Звонко ударили в Белгороде колокола. Странным было то, что был это не тревожный зовущий к обороне набат, а праздничный весёлый трезвон.
Коснятин с Семьюнком снова переглянулись. На этот раз во взглядах их скользило недоумение. Красная Лисица первым догадался, в чём дело, и хитро улыбнулся, стряхивая пальцами с усов иней.
— Никак, открыть врата хотят, — тихо пробормотал он, пряча руки в долгие рукава кожуха.
— Может, ты и прав, — задумчиво промолвил Мстислав.
Хлестнув коня, он понёсся вперёд, к своим волынянам. Предстояло держать совет, как быть дальше. К городским воротам помчал, вздымая снег, скорый бирич.
Догадка Семьюнки оказалась верной. Открылись настежь широкие провозные ворота, опустился через ров подъёмный мост на цепях. По нему с хлебом-солью выехали передние городские мужи во главе с посадником Прокопием. Давний сторонник Мономашичей, один из ближайших сподвижников покойного Мстиславова отца, сдал посадник Белгород галицко-Волынскому воинству без боя.
Теперь открывалась Мстиславу прямая дорога в стольный град. Но Давидович был где-то недалеко, и война, по сути, ещё только начиналась.

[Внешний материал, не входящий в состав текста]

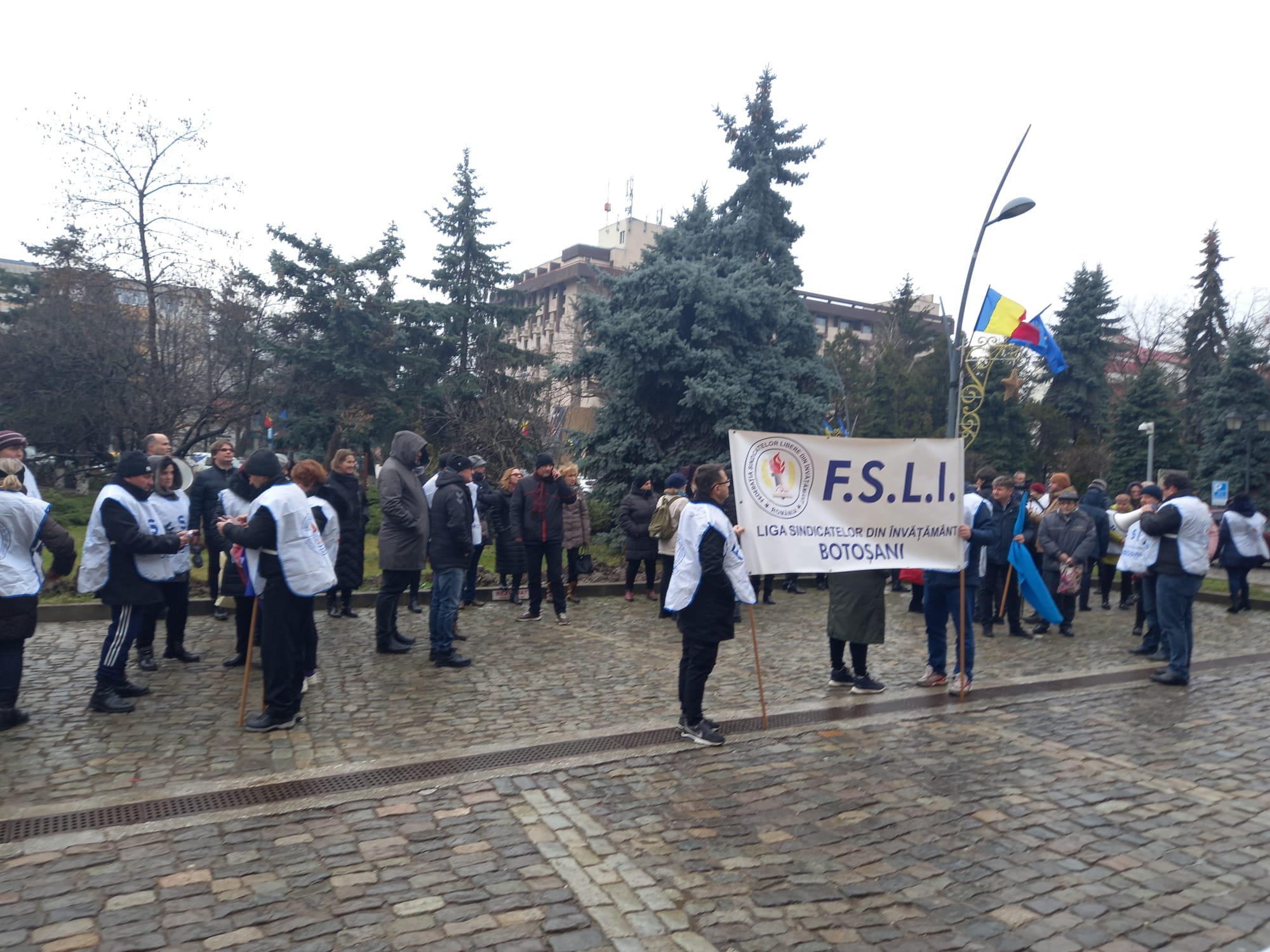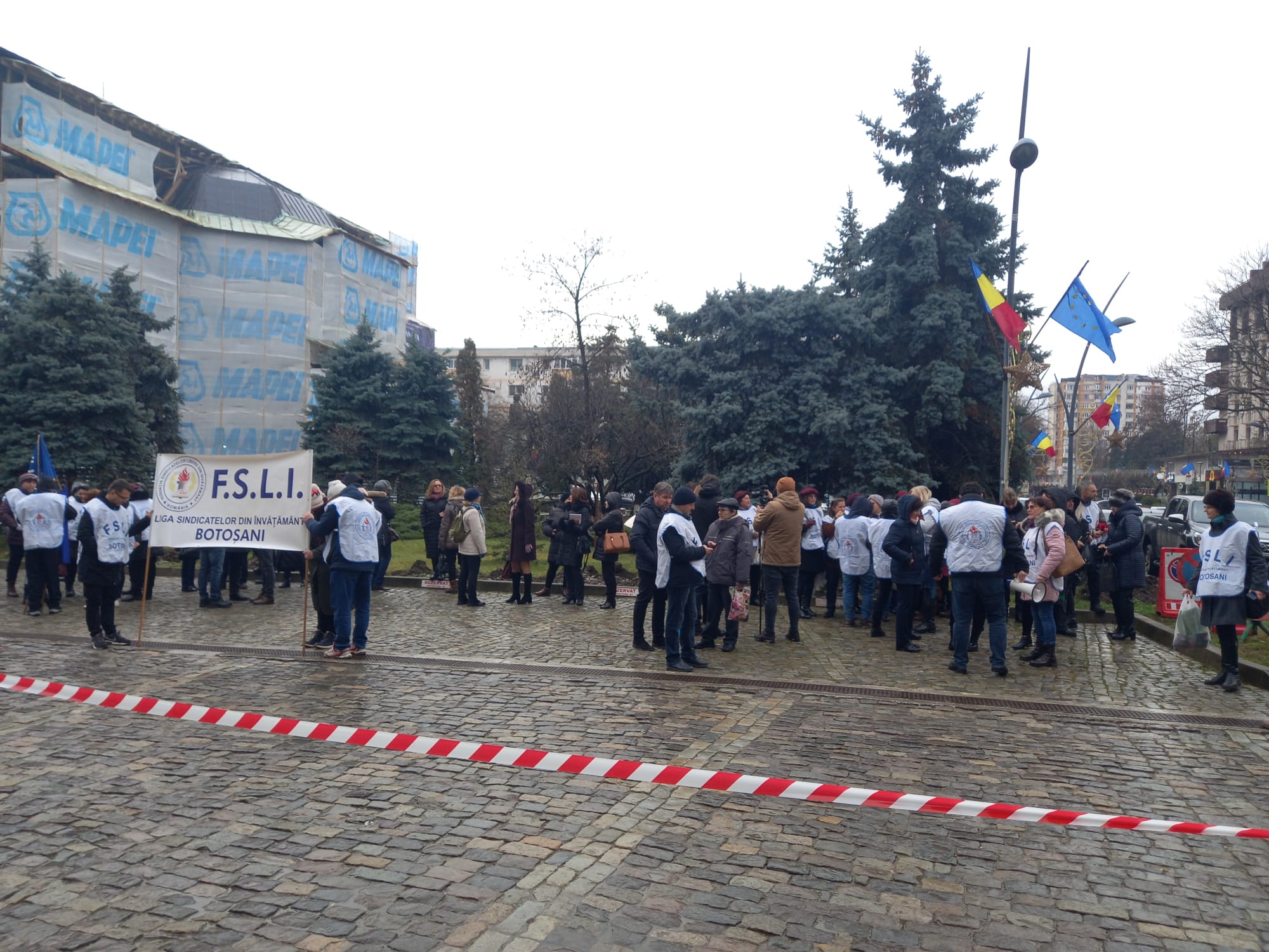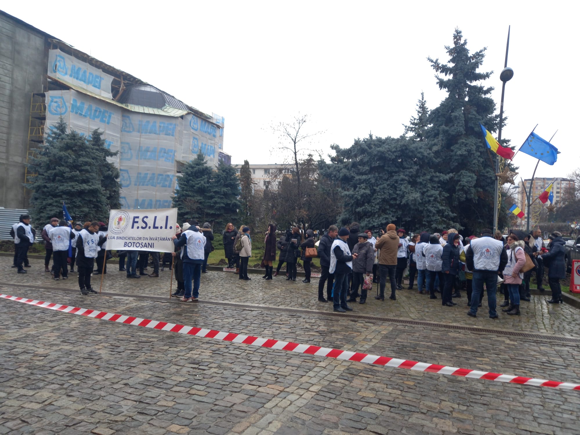 Zeci de angajați din învățământul botoșănean au ieșit în stradă, vineri, pentru a protesta. Oamenii s-au adunat în fața Instituției Prefectului. Este vorba de aproximativ 70 de angajați, personal nedidactic, care și-au strigat nemulțumirile.

Рати разместились внутри и около крепостных стен. Семьюнко ночевал в гриднице, находящейся прямо внутри крепостной стены. Помещение было большое и тёплое, топилась по-чёрному печь, отчего было дымно. На полатях, а кто и прямо на полу, разместились ратники-галичане. Семьюнко расположился внизу. Подложил под себя кожух, устроился кое-как, вытянул ноги поближе к печи. В гридне стоял терпкий спёртый запах мужского пота. Не спалось, хотя и устал отрок после долгой скачки и мороза. Лежал с закрытыми глазами, слушал храп спящих ратников, а видел перед собой лукаво улыбающуюся Оксану. Колдунья она, что ли? Приворожила его к себе, не иначе. Вот так подумать, баба как баба. Ну, богата, так и что. Ну, красна собой. Но ведь и старше его, вон морщинки тонкие окрест глаз. Зато глаза какие?! Синие, как море. В детстве побывал Семьюнко с отцом и братом на Чермном море, в Херсонесе — греческой колонии в Тавриде. Отец правил какие-то купецкие дела, а их взял поглядеть на тёплый южный город. И вот как наяву видит Семьюнко море, бескрайние просторы под безоблачными небесами, и цвет воды такой же синий и яркий, как два Оксаниных озера.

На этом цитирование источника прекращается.